IoT devices can generate significant amounts of potentially valuable data and AI can be applied to this data in many locations, including ‘cloud’ data centres, various network edge locations, and on board the actual IoT devices themselves. All of these approaches have the potential to unlock significant value and new insights from IoT data.
When we refer to ‘AIoT’ we mean specifically the deployment of AI Use Cases on board IoT devices.
Applying AI to IoT data on board the source IoT devices can bring significant benefits, including improved performance, enhanced compliance, privacy and security and potentially reduced operational costs. These benefits are discussed in more detail below.
Meanwhile, applying AI to IoT data in cloud locations allows for access to the greater compute power that is typically available in those locations. It also enhances the potential scope of AI applications that can more readily draw inputs from multiple IoT devices in different locations and can potentially augment these data streams with other data (including from non-IoT sources) to support more sophisticated analyses.

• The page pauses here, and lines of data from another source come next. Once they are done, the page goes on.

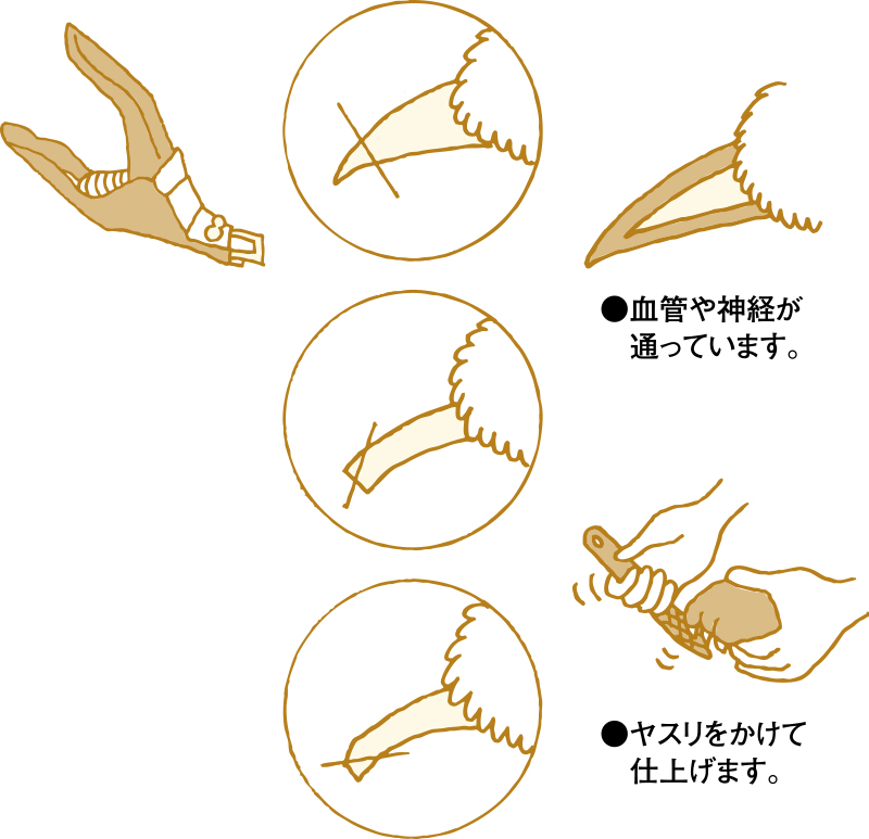 一度でも痛い思いをさせると、二度目から触らせてくれなくなるので、初めが肝心です。道具を見せたり、少し切って痛くないことをわからせて慣らしてください。
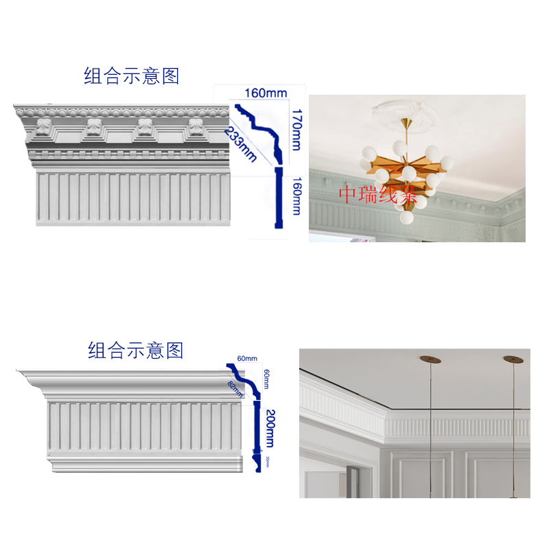 PU line top corner line 25 30CM vertical strip wave plate flat carved flat line ceiling corner line
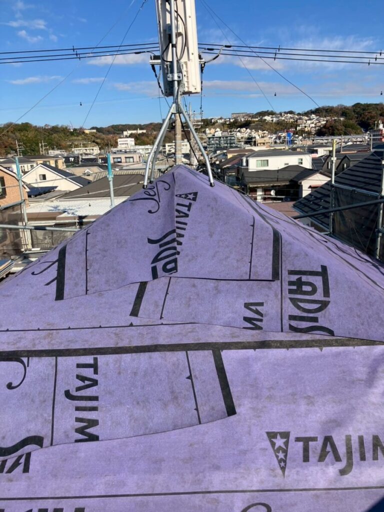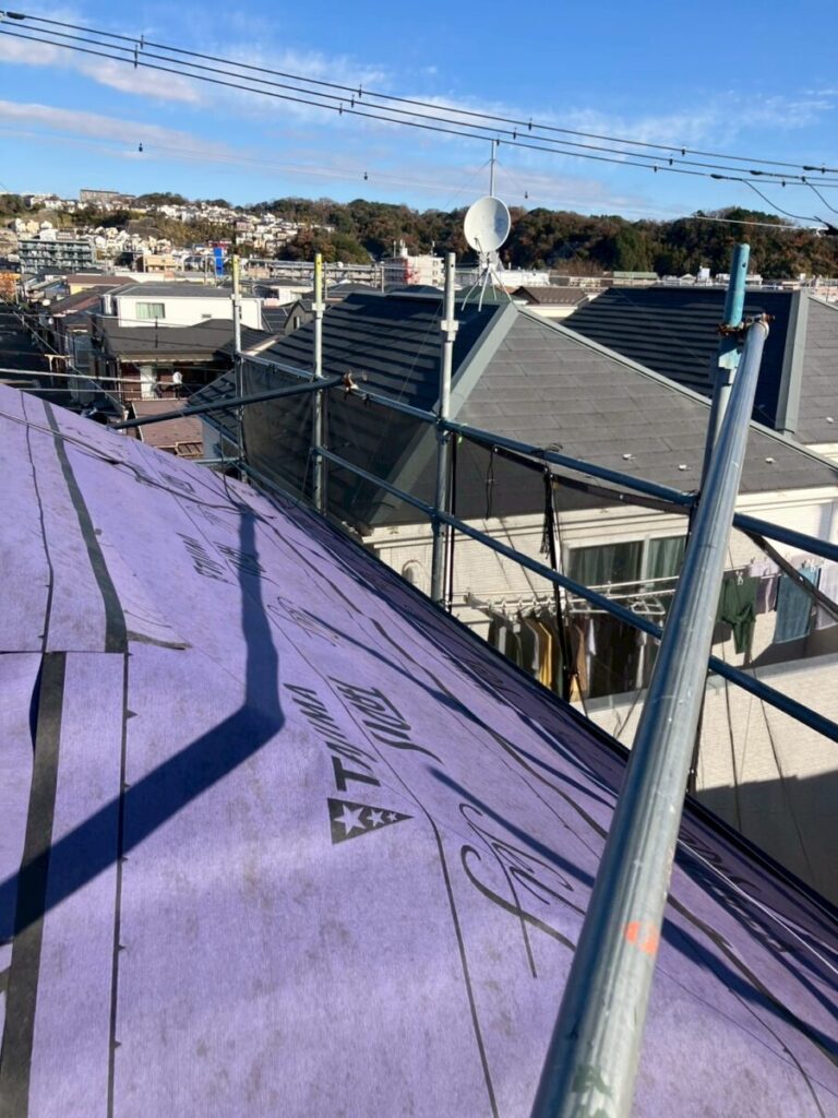 まずは既存屋根の上から防水シート(ルーフィング)を施工。
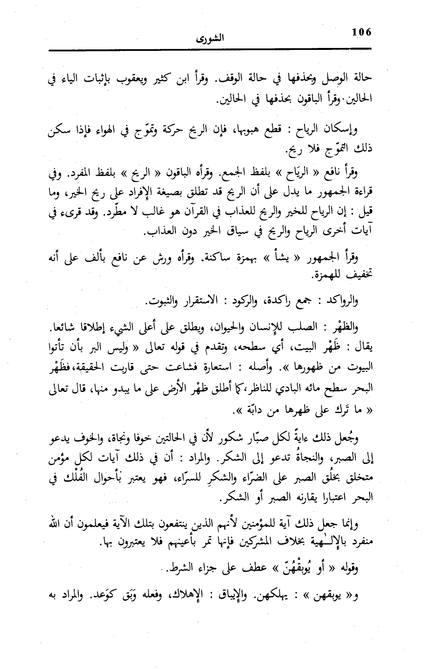 حَالَةِ الْوَصْلِ وَبِحَذْفِهَا فِي حَالَةِ الْوَقْفِ. وَقَرَأَ ابْنُ كَثِيرٍ وَيَعْقُوبُ بِإِثْبَاتِ الْيَاءِ فِي الْحَالَيْنِ. وَقَرَأَ الْبَاقُونَ بِحَذْفِهَا فِي الْحَالَيْنِ.
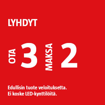 Poistoerä vain verkosta!100 495 30 pv:n alin hintaVerkkokauppaTavaratalojen saatavuus
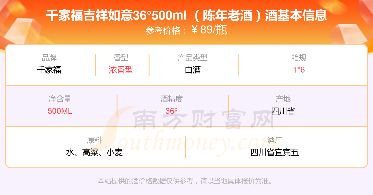 千家福吉祥如意36°500ml (陳年老酒)基本信息
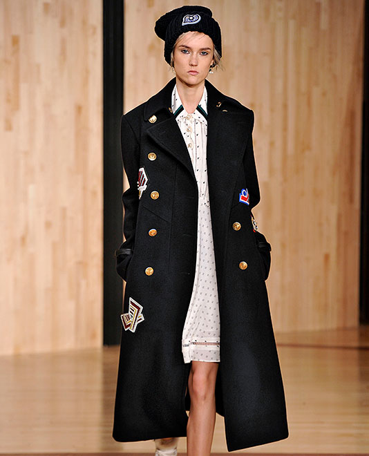 Since joining Coach as its artistic director two years ago, designer Stuart Vevers has been going about introducing a signature for the house by mining American subcultures (and their dress codes), serving up everything from Texan biker to 1980s Malibu surfer styles in the storied house’s recent collections. For fall/winter 2016, Coach’s collection had a feel of the Ivy League in its preppiness, although in his typically British manner, Vevers played with those conventions, mixing letterman jackets with gilded gold and silver heels, frill-embellished blouses with leather skirts, oversized wool sweaters with studs, and adorning naval pea coats with quirky cartoon patches. As a hero item in the collection, Coach’s pea coats came in various forms –cropped and cut close to the body, full-length and oversized, and everything in between – demonstrating the versatility of the classic garment.

Deploying AI in cloud locations also allows for significantly simplified AI application management, primarily in terms of version control and the evolution of AI algorithms over time.
In many cases, therefore, AIoT (i.e. AI deployed on board IoT devices) does not exist in isolation and often AIoT devices may generate data that is further processed using potentially more sophisticated AI algorithms either in cloud or edge locations (or both).
As described above, the deployment of AI on board IoT devices can potentially unlock significant benefits. In the following paragraphs we discuss these in more depth.
AIoT can improve IoT application performance by allowing for the analysis of more inputs at greater resolution. For example, in the case of AI-enabled CCTV, AIoT algorithms can support activity recognition analyses of high-resolution video feeds locally, so averting the need to transmit vast quantities of data to remote locations for analysis. Inevitably this enables those video feeds to be analysed in more detail compared to crude redaction-at-source approaches that might otherwise be applied.
AIoT enables alerts, analytics and applications to run faster closer to the originating source of data. This can be particularly critical in the case of applications such as self-driving cars and similar autonomous systems, or in critical situations such as ‘emergency stop’ processes in industrial contexts that might apply when a machine is operating outside its design parameters. Applications like these are not tolerant of the lags that would be inherent in transmitting data to a remote location for processing and subsequently receiving the results of such processing.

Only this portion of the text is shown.